Densho eNews - April 2009www.densho.org

From the Director: Tom Ikeda

I am so grateful for the work and commitment of social studies teachers. Through their creativity and efforts, students can look at historical events to gain perspective and insight for current events. For example, after 9/11, social studies teachers wanted to explore the World War II incarceration of Japanese Americans to help students examine how our country might react to a national threat. We started seeing a handful of teachers visit our site, and gradually through outreach, word of mouth, and reputation we now have hundreds of teachers who visit our website every month to use our free primary sources and curricula.

A strategic goal of Densho is to make our materials more valuable, more accessible, and more engaging for teachers to use in the classroom.

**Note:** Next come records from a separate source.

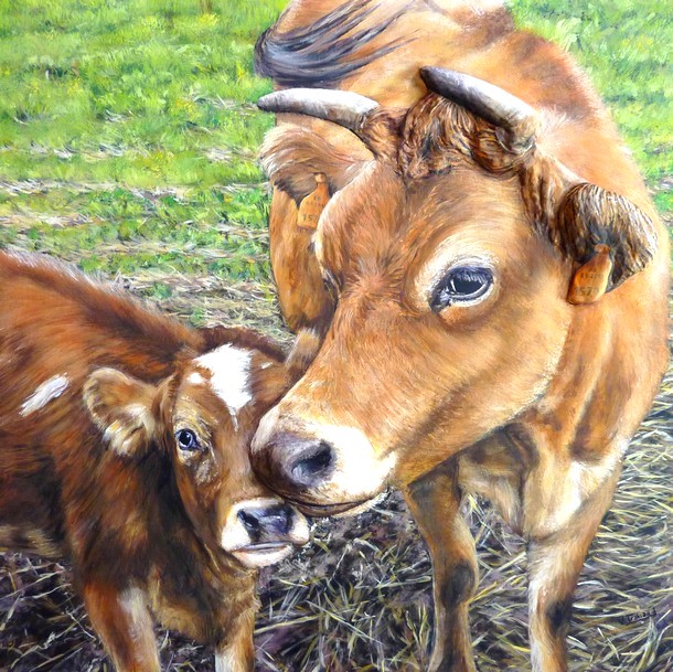 Peinture "Portrait de Vache et Veau à la Ferme en
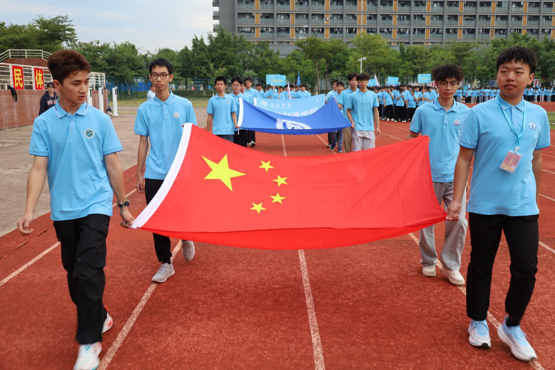 伴随着激昂嘹亮的《运动员进行曲》,开幕式入场仪式正式开始。国旗护卫队队员身着礼服、身姿挺拔,迈着铿锵步伐护送国旗率先入场;院旗队队员精神抖擞,擎举院旗展现学院凝聚力。各班级队伍步伐整齐、口号嘹亮,充分展现了智能制造学子的专业自信与团队风采。紧接着,入场仪式后,全体师生肃立,举行升国旗、唱国歌仪式。鲜艳的五星红旗在朝阳中冉冉升起,国歌旋律激昂,现场气氛庄重肃穆。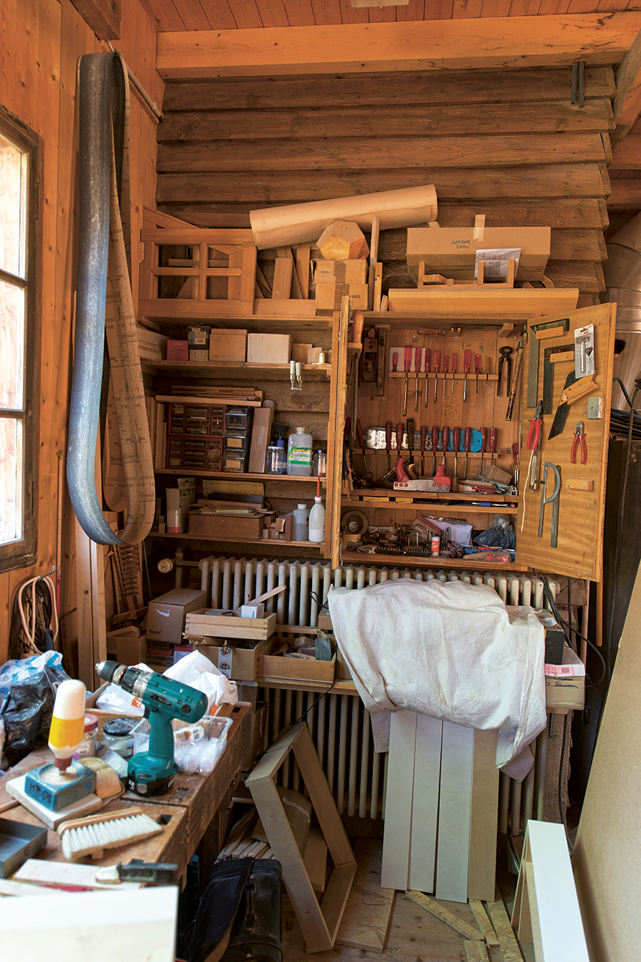 Weiter oben vom Berg hört man leise das Geräusch einer Kreissäge. In der Schreinerei Baukunst entstehen Möbel für alle Lebensbereiche: Kinderstühle, Betten, Tische, Bienenkästen und sogar Urnen aus verschiedenen Hölzern. Und auch an diesem Ort verbinden sich Handwerk und Kunst. Thomas Schär ist Schreiner und Bildhauer. Er sagt: „Für mich ist es eine Selbstverständlichkeit, dass man nicht einfach Kisten baut, sondern sich fragt, in welchem Verhältnis das Möbelstück zum Menschen steht. Es ist doch interessant, überhaupt einmal zu fragen: Was hat der Mensch für eine Beziehung mit einem Stuhl, wenn er sitzt, mit einer Treppe, wenn er hinaufsteigt, mit einem Bett, wenn er darin liegt? In welchen Zustand gerate ich mit diesem Gegenstand, der sich mit mir verbindet?“ Für Thomas Schär ist es wichtig, dass sich Menschen mit ihrer Umgebung verbinden können. Dafür brauche es Zuwendung und Wärme schon bei der Herstellung. „Denn wo Architektur zunächst einen Umraum bildet, kommen Möbel sehr nah an uns heran.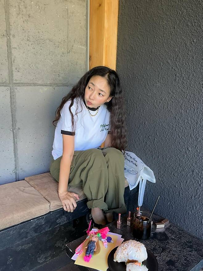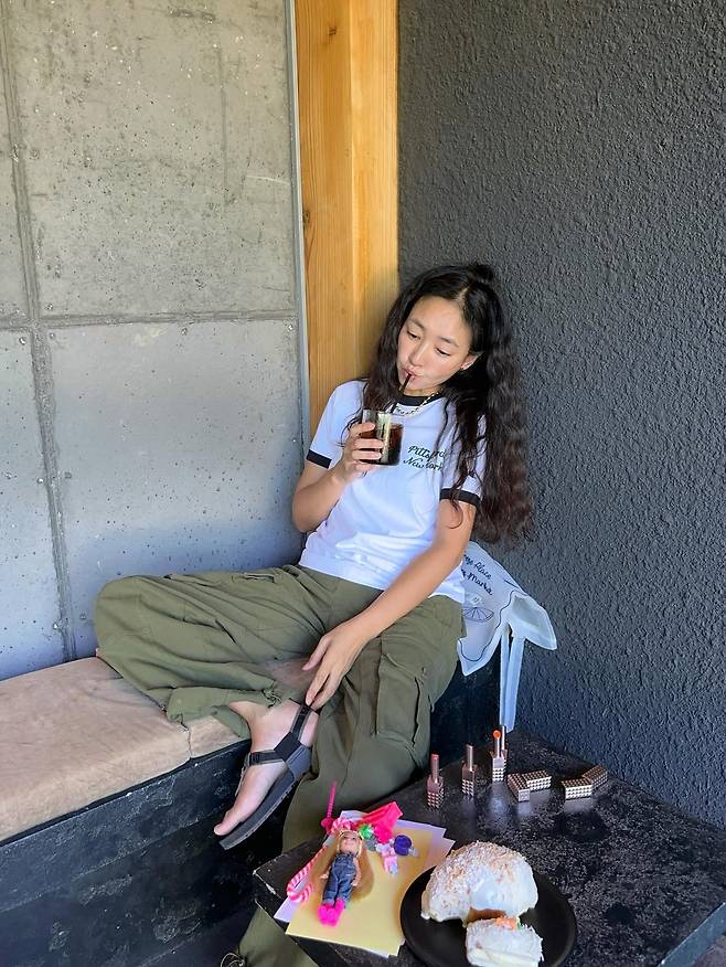 테이블 위엔 무심하게 놓인 바비 인형과 흘러내릴 듯한 크림 번, 그리고 진재영의 표정이 묘하게 어우러지면서, 마치 작은 컨셉 화보처럼 보였어요.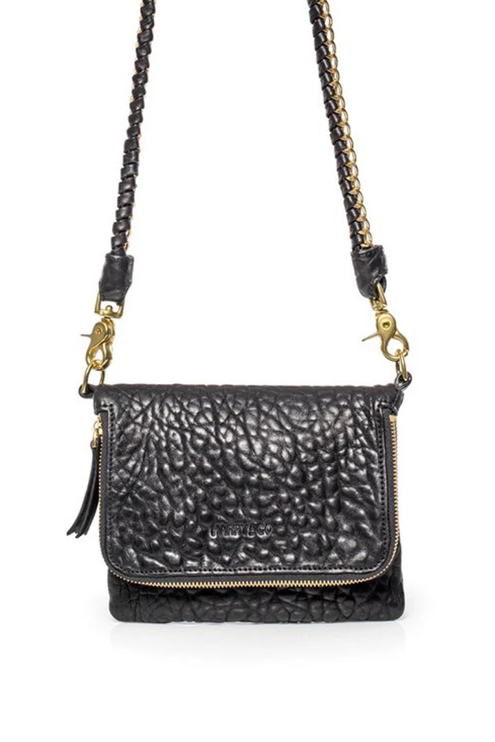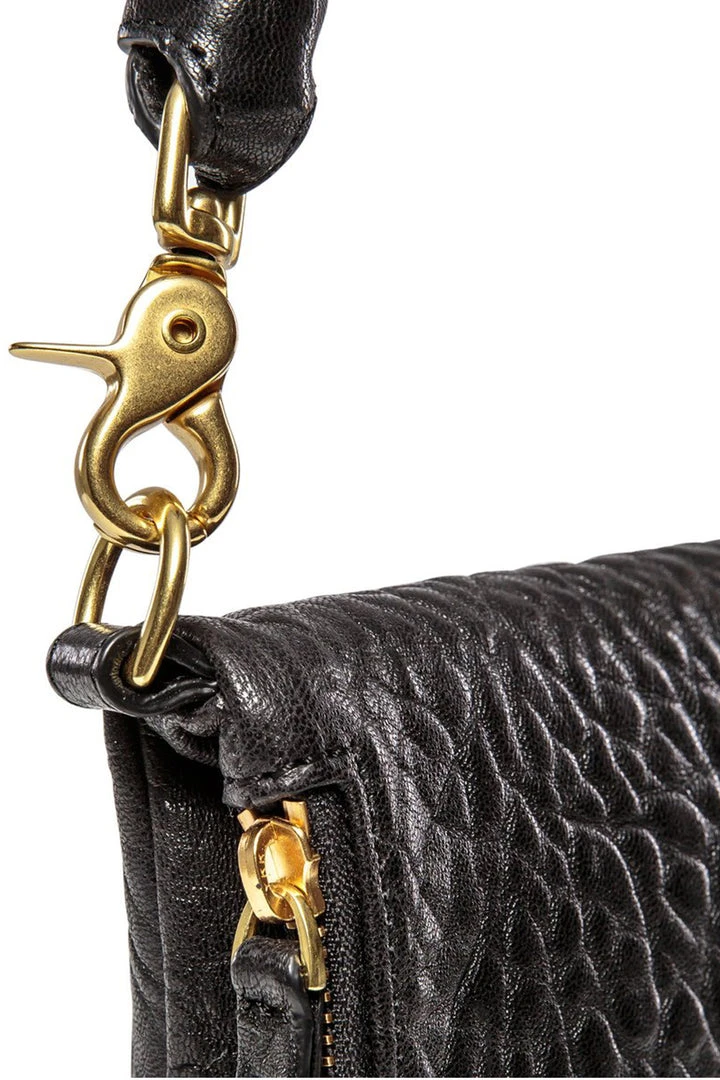 A classic fold-over clutch finished with a zipper closure and an interior offering a separate zippered compartment. Featuring a removable interwoven chain and leather strap. The detachable strap offers over-shoulder or crossbody options. Suede lined interior and solid brass hardware.
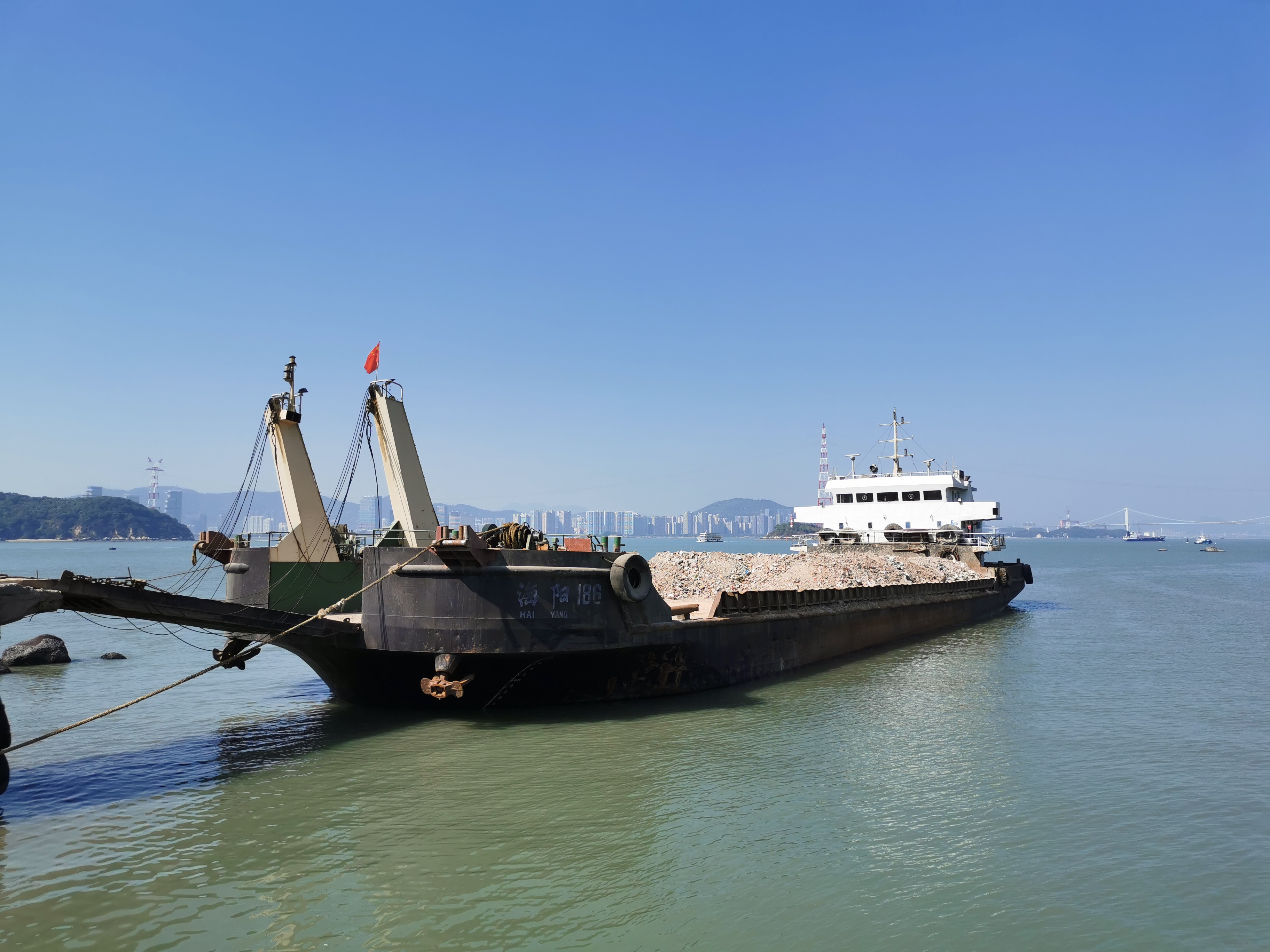 今日是工作日,码头上有许多装卸工人,船一到就有工头喊人去搬运。鼓浪屿应该没有建筑垃圾消化能力,所以码头上停着好多人力车,装满了建筑垃圾,等待装船运出岛。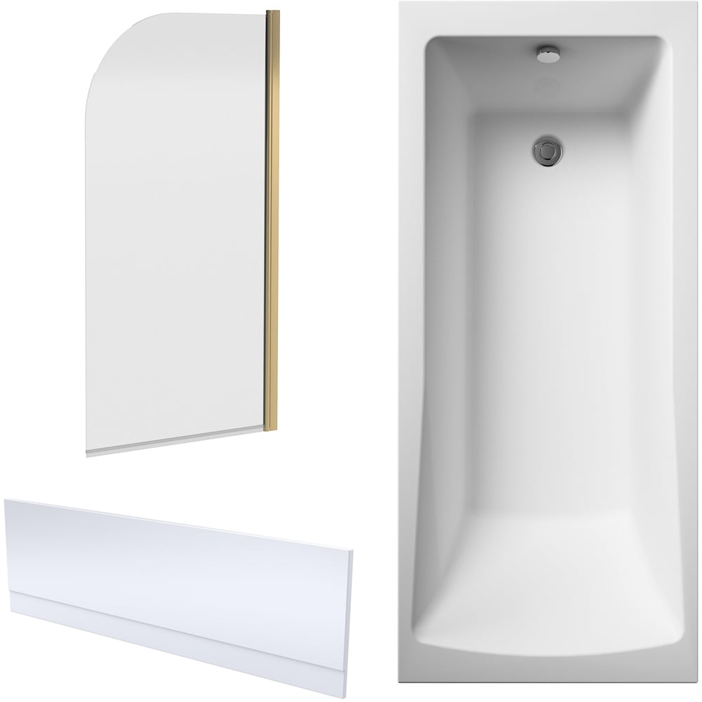 Transform your bathroom with a smart and practical 1700 x 700mm bath panel and glass screen combo that brings both style and function to your daily routine. Enjoy a crisp white finish and a safety glass screen that fits seamlessly with standard baths, making cleaning and maintenance easy so you'll spend less time worrying and more time relaxing. It features square single ended bath along with a round bath screen with an aluminium profile finished in brushed brass. Please note that the end panel is not included. It comes un-drilled, and a sturdy leg set is supplied for easy installation and added support. Shower Bath: 1700 x 380 x 700mm. Panel: 1700 x 35 x 510mm. Screen: 1435 x 38 x 785mm.

We want thousands of educators to visit our site every month. We believe teachers are the critical link to help students grapple with difficult, controversial issues. So say "thank you" the next time you meet a social studies teacher, and please tell them about Densho. Their guidance of students to analyze and think critically about issues helps to advance our democracy.

Late-breaking news -- President Obama signed this week an omnibus lands bill that authorizes a special resources study of the Tule Lake Segregation Center. The study is to determine the feasibility of establishing Tule Lake as a unit of the National Park Service. This is the same process that eventually led to establishing Manzanar and Minidoka as National Historic Sites. Thank you to U.S. Senator Dianne Feinstein for her work to make this happen.

From the Archive

Incalculable Losses: Japanese American Financial Damages

"I got a thousand dollars for things that I lost, but that is such a small amount for the loss that I had, because I lost everything."
   -- Peggie Nishimura Bain

In these times of economic woes, we stop to reflect on how much better Japanese Americans would fare in a recession if their families had not suffered such severe economic losses during World War II. While former detainees succeeded remarkably well at gaining financial security, despite the years of setbacks, stories in Densho's archives raise example after example of potential fortunes lost. Prosperous malls, condos, and suburban developments stand on land once farmed by Japanese Americans. Densho narrators ruefully remind us of how the property changed hands.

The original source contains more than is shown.